M1 – DBS

Tough time ahead

Comment on Results

Net- profit of S$38.0m was up 2.7% y-o-y if we exclude one-off tax credit of S$12.9m from last year profits. Revenue at S$204m was up 3.8% mainly due to growth in revenue from (i) mobile segment with increased contribution from M1 data plan; and (ii) international call services. EBITDA margin at 42.2% was slightly lower than 43.4% last year but in line with our expectations.

Further loss of market share across mobile while ARPU held up pretty well. Although M1 added 7K and 12K subscribers across post-paid and pre-paid segments respectively, market share was lower at 28.1% (28.4% in 4Q07) and 24.7 (Vs 26.1%) respectively. On the other hand, post-paid ARPU was fairly stable at $$61.6 (S$62.4 in 4Q07), while pre-paid ARPU was down at S$16.8 (S$18.2) due to stiff price competition.

Recommendation

Management re-iterated guidance for stable operations.
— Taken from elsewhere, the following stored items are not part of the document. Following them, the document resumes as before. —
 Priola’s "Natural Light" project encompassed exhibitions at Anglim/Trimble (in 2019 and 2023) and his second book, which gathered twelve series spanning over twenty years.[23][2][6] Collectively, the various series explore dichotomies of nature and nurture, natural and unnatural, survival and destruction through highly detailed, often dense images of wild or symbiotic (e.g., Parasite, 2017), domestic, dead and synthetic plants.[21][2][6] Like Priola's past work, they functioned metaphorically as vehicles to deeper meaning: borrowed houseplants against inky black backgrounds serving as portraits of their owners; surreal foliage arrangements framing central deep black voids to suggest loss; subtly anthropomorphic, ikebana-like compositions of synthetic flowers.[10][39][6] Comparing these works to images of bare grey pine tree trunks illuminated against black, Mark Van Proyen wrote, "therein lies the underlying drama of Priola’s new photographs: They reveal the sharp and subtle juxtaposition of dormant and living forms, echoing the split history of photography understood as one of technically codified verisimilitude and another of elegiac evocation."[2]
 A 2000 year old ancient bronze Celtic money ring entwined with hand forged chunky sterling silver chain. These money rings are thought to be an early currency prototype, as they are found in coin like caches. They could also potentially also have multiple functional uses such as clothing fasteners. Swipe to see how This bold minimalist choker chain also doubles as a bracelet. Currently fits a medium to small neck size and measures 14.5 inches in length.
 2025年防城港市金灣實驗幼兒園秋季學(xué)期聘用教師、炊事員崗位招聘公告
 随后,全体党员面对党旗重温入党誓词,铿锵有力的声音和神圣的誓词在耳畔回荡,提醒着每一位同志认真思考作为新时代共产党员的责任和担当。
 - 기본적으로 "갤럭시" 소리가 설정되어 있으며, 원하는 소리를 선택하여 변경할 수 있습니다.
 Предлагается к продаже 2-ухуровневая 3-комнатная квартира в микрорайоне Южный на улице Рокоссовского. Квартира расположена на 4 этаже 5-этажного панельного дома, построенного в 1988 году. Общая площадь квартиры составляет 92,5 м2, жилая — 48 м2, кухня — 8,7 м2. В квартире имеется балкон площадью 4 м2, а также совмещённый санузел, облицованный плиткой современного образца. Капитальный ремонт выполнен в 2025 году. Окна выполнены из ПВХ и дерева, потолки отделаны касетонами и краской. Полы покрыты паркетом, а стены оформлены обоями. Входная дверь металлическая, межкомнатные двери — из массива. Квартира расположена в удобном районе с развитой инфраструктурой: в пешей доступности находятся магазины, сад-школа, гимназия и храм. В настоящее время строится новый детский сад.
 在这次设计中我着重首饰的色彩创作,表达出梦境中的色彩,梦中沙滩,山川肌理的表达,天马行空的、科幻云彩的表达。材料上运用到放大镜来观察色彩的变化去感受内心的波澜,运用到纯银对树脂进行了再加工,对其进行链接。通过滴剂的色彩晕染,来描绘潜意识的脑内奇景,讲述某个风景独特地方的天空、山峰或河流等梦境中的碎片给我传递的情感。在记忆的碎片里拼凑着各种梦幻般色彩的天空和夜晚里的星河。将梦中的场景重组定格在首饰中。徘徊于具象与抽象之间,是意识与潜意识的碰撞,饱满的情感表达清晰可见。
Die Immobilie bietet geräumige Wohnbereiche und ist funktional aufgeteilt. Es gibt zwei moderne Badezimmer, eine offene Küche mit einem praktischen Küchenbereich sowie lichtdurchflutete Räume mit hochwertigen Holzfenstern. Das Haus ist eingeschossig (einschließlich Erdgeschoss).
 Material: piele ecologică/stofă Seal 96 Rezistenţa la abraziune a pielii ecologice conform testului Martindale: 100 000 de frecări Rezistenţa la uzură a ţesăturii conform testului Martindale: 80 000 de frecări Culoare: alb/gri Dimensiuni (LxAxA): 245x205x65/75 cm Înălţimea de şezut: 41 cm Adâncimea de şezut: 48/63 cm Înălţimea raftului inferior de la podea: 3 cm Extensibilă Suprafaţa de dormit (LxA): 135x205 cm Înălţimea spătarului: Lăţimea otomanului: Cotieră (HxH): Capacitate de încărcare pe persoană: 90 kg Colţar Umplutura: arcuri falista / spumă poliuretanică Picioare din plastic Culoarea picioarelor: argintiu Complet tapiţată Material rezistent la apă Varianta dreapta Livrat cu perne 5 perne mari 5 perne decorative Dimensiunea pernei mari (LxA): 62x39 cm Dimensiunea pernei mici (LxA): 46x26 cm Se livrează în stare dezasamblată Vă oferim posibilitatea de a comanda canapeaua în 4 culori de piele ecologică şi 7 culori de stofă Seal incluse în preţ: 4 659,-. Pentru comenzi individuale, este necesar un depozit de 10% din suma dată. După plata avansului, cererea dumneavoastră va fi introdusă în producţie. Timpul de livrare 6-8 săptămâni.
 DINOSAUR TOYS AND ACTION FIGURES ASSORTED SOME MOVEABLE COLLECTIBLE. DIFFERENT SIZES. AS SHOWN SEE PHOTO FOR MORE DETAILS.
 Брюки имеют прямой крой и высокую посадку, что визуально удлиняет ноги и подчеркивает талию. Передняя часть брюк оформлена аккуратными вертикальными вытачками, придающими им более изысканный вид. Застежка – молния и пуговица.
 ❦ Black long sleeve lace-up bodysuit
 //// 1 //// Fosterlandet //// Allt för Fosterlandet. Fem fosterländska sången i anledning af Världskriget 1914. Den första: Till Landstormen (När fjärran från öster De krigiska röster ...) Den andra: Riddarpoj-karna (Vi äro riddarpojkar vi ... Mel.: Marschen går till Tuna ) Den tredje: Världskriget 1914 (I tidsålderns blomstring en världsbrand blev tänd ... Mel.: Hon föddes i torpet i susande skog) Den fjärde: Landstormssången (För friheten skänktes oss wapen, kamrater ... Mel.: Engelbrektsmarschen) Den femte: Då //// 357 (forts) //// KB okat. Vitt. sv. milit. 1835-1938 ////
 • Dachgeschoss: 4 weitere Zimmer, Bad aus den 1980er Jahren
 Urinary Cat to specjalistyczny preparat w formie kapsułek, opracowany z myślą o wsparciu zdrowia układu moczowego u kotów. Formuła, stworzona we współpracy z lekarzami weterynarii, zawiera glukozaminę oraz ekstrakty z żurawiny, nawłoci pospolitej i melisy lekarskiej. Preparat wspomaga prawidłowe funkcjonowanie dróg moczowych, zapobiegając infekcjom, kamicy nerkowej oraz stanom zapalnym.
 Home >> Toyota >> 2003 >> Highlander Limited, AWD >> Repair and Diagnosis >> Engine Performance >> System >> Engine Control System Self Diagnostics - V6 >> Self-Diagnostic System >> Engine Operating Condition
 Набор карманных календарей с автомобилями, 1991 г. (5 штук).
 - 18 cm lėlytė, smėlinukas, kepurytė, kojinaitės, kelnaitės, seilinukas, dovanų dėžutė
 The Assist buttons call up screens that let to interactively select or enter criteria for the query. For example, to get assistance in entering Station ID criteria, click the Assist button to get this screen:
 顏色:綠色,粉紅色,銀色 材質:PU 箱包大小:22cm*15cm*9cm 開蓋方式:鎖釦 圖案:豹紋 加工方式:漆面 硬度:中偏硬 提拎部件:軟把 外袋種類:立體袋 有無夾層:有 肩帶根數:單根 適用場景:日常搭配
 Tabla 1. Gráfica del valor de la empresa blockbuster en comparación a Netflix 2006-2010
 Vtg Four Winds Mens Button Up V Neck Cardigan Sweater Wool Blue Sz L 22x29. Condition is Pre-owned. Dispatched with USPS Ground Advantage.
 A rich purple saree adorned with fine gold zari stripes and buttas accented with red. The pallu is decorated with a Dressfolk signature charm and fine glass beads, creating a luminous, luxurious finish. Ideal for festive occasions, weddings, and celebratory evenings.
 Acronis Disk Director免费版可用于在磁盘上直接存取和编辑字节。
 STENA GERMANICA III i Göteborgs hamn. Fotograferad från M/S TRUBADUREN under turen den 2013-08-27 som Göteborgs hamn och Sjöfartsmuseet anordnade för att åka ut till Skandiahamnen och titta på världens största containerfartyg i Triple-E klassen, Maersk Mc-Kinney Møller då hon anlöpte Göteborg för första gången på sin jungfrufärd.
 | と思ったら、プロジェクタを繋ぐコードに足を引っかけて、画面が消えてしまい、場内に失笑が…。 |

Management is guiding for EBITDA margins around 44-45% for the whole year, similar to the margins of the last year, in the hope that cost savings from outsourcing of call centre operations, compensate for higher costs due to mobile number portability (MNP) in June 08. The company also revealed that 75% of its postpaid subscribers are contracted for one year plus. Capex guidance for the year is still intact at about S$100m as M1 invests into its own leased circuits in 2Q08.

We maintain HOLD with DCF based target price of S$2.20. Regular dividend yield of over 7% can be further complemented by special dividends or capital reduction as M1’s net debt-to-EBITDA at 0.6x remains far below its target of 1.5x. However, in our view, Mobile Number Portability (MNP) could be a significant risk for the company.